## [Dataset extract]
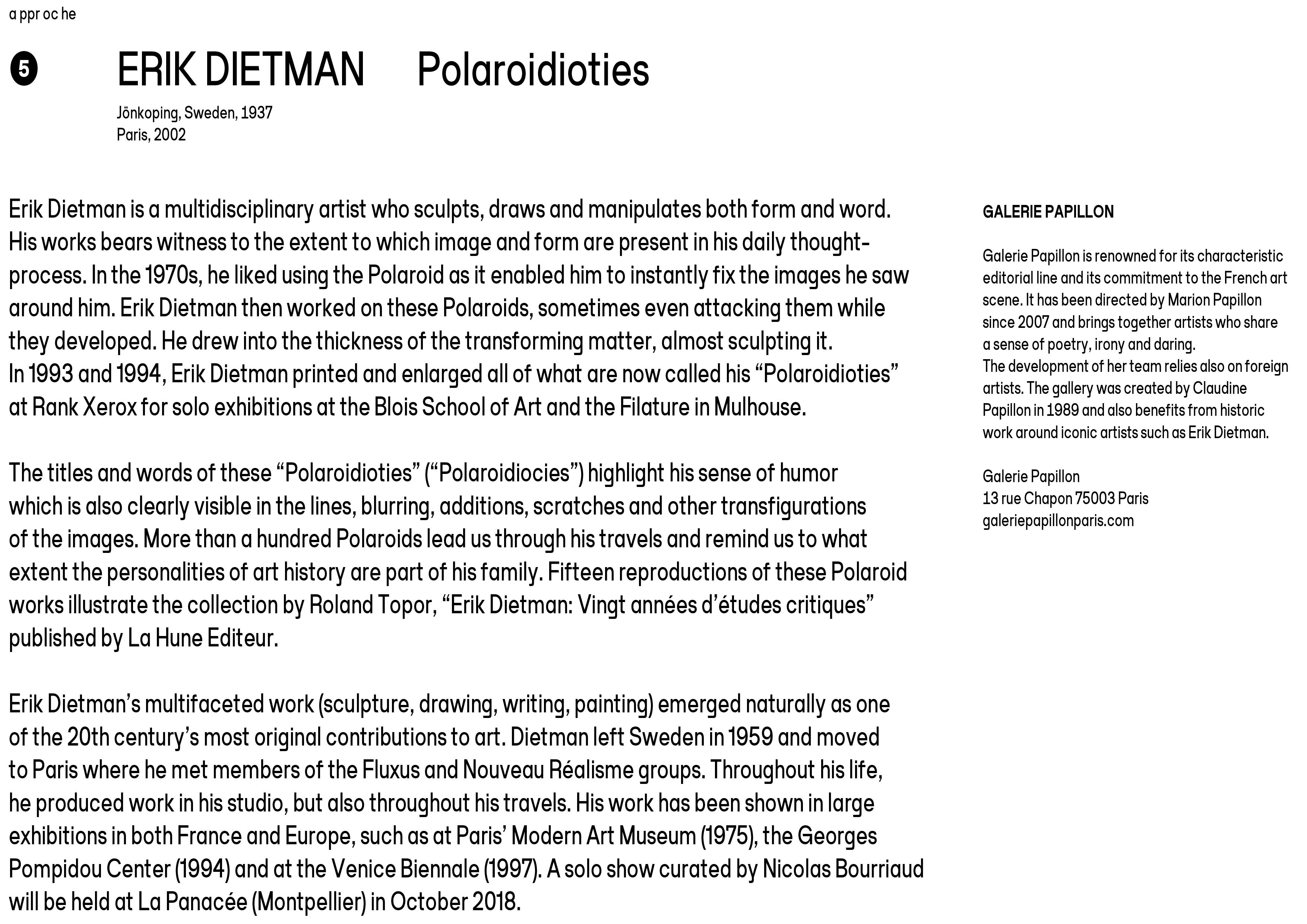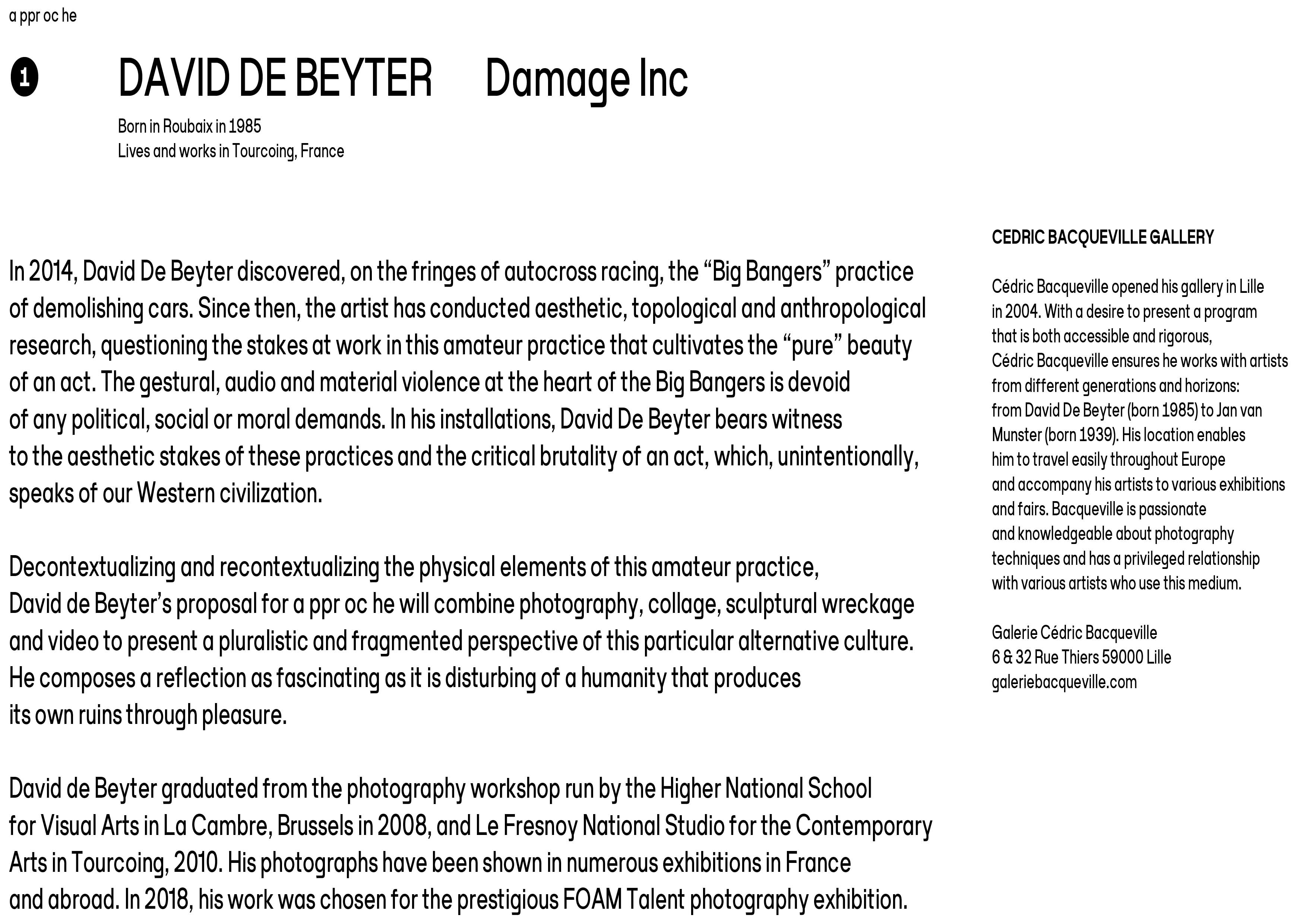 with an increase in non-French galleries as well as a corpus of international artists (7 French artists out of 15 in total). The a ppr oc he sector has also been set up.
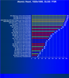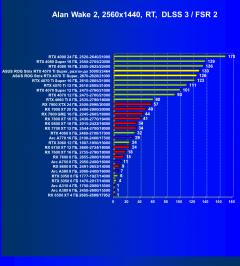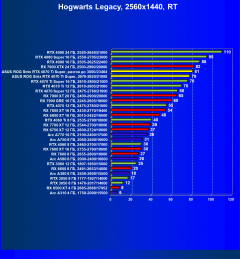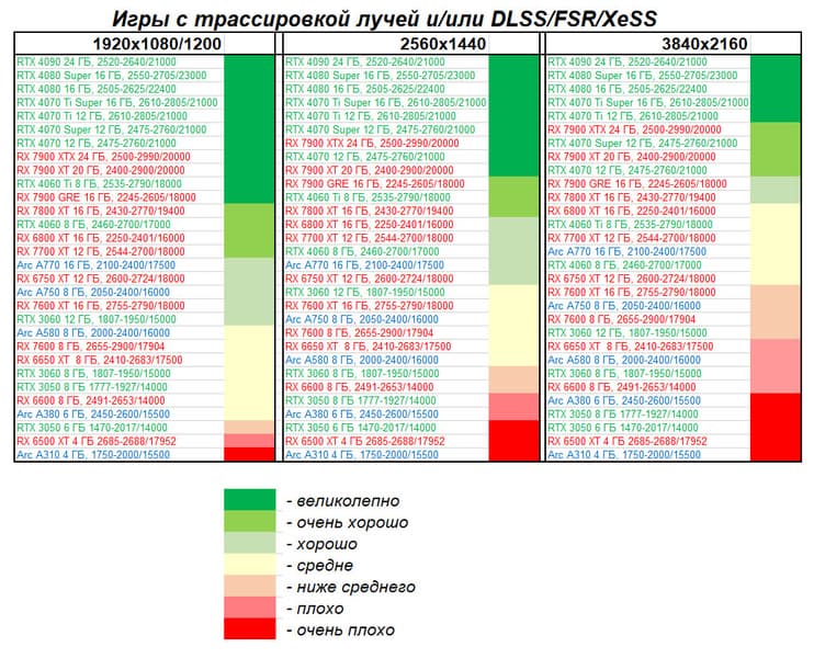 Результаты тестов со включенной аппаратной трассировкой лучей и/или DLSS/FSR/XeSS в разрешениях 1920×1080, 2560×1440 и 3840×2160
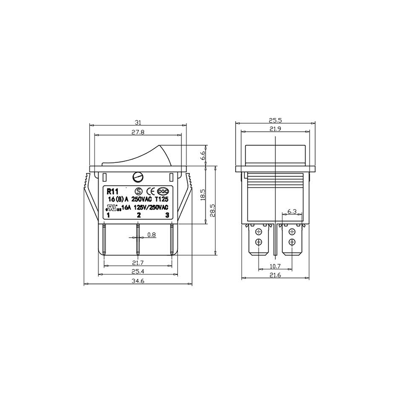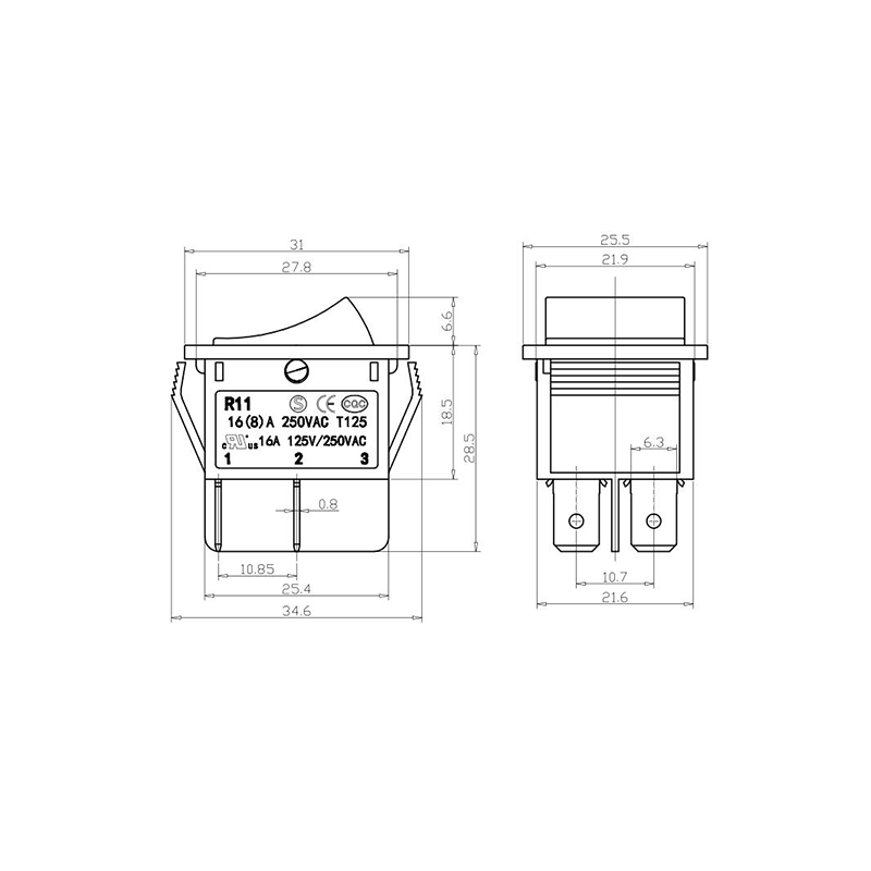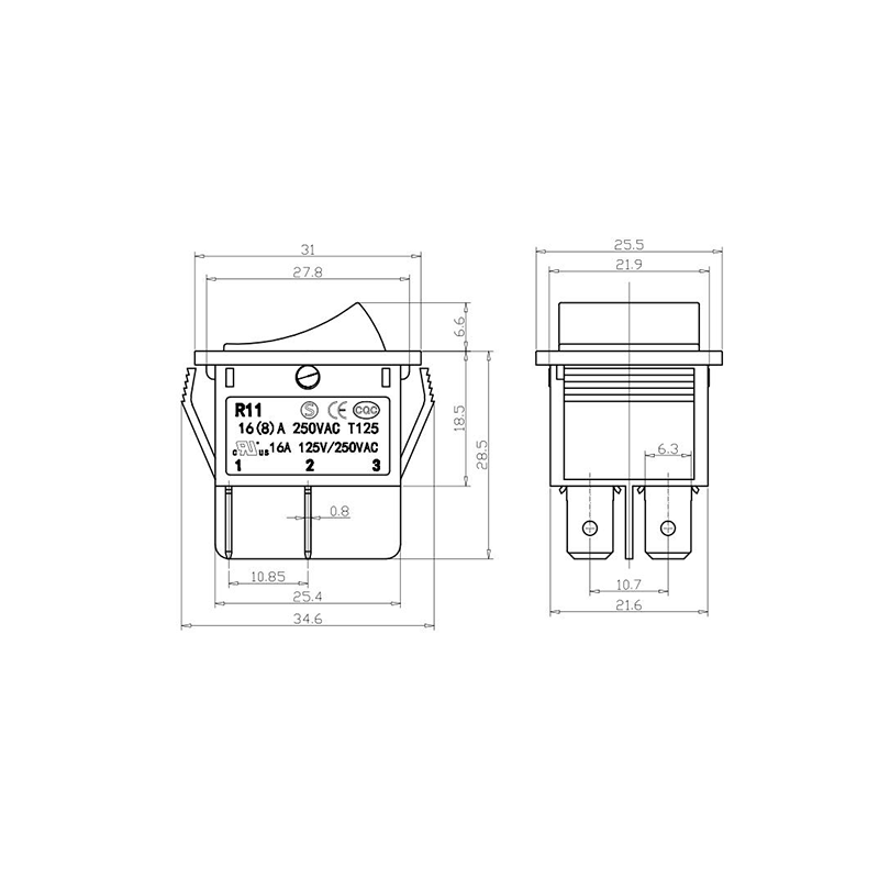 Шанхайская компания Qijia Electronics Co., Ltd. Дом / Продукция / Рокерный переключатель / Рокерный переключатель R11 / R11-22 Трехпозиционный коромысловый переключатель
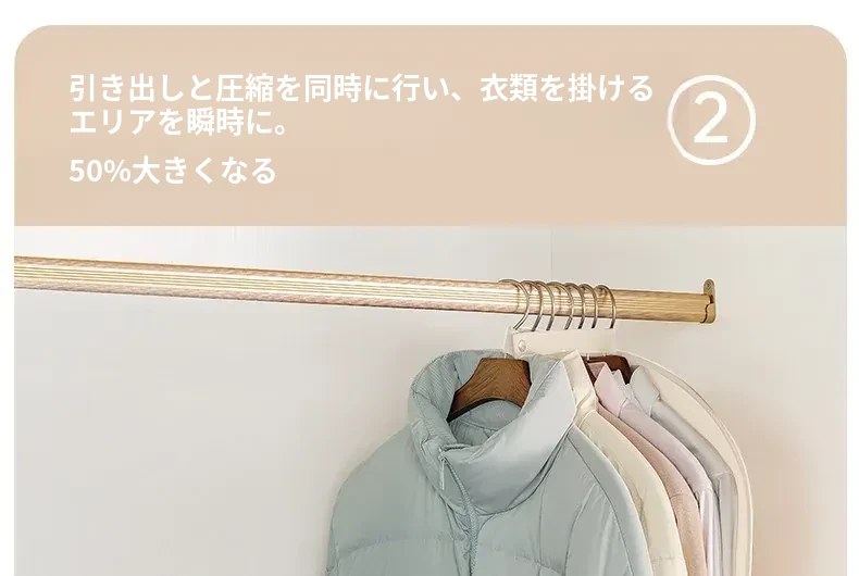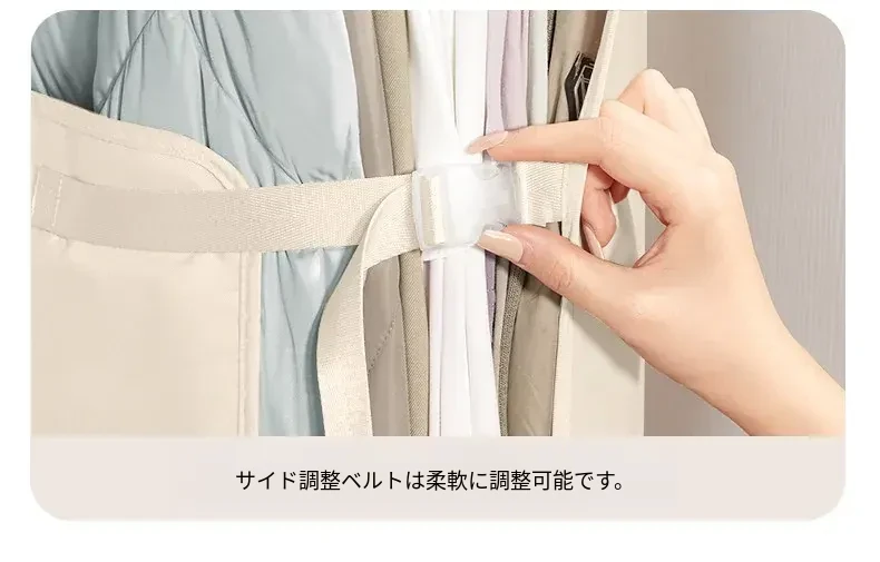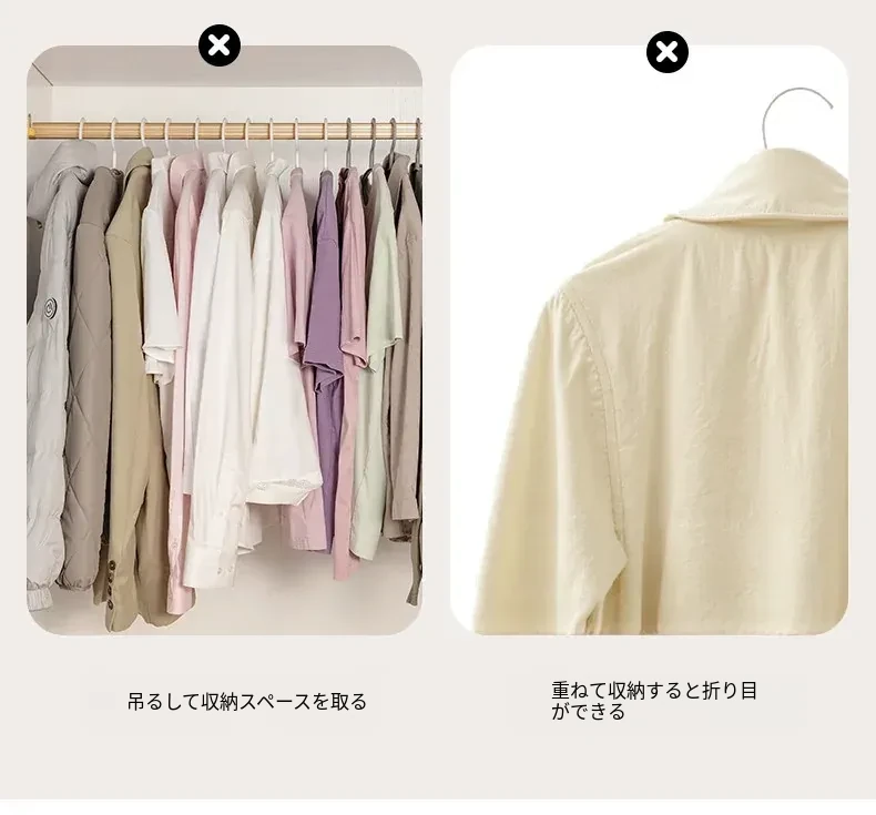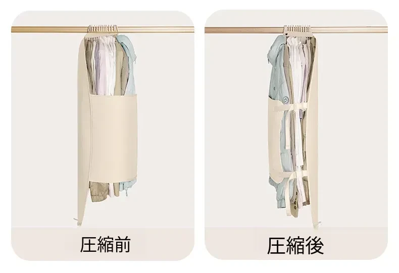 ナッツベージュ-L-薄手の衣類30着/ダウンジャケット8-10着収納可

## [Work required]
Copy all of the data word for word, and keep the pictures out of it.

## [Your response]
 with an increase in non-French galleries as well as a corpus of international artists (7 French artists out of 15 in total). The a ppr oc he sector has also been set up.
 Результаты тестов со включенной аппаратной трассировкой лучей и/или DLSS/FSR/XeSS в разрешениях 1920×1080, 2560×1440 и 3840×2160
 Шанхайская компания Qijia Electronics Co., Ltd. Дом / Продукция / Рокерный переключатель / Рокерный переключатель R11 / R11-22 Трехпозиционный коромысловый переключатель
 ナッツベージュ-L-薄手の衣類30着/ダウンジャケット8-10着収納可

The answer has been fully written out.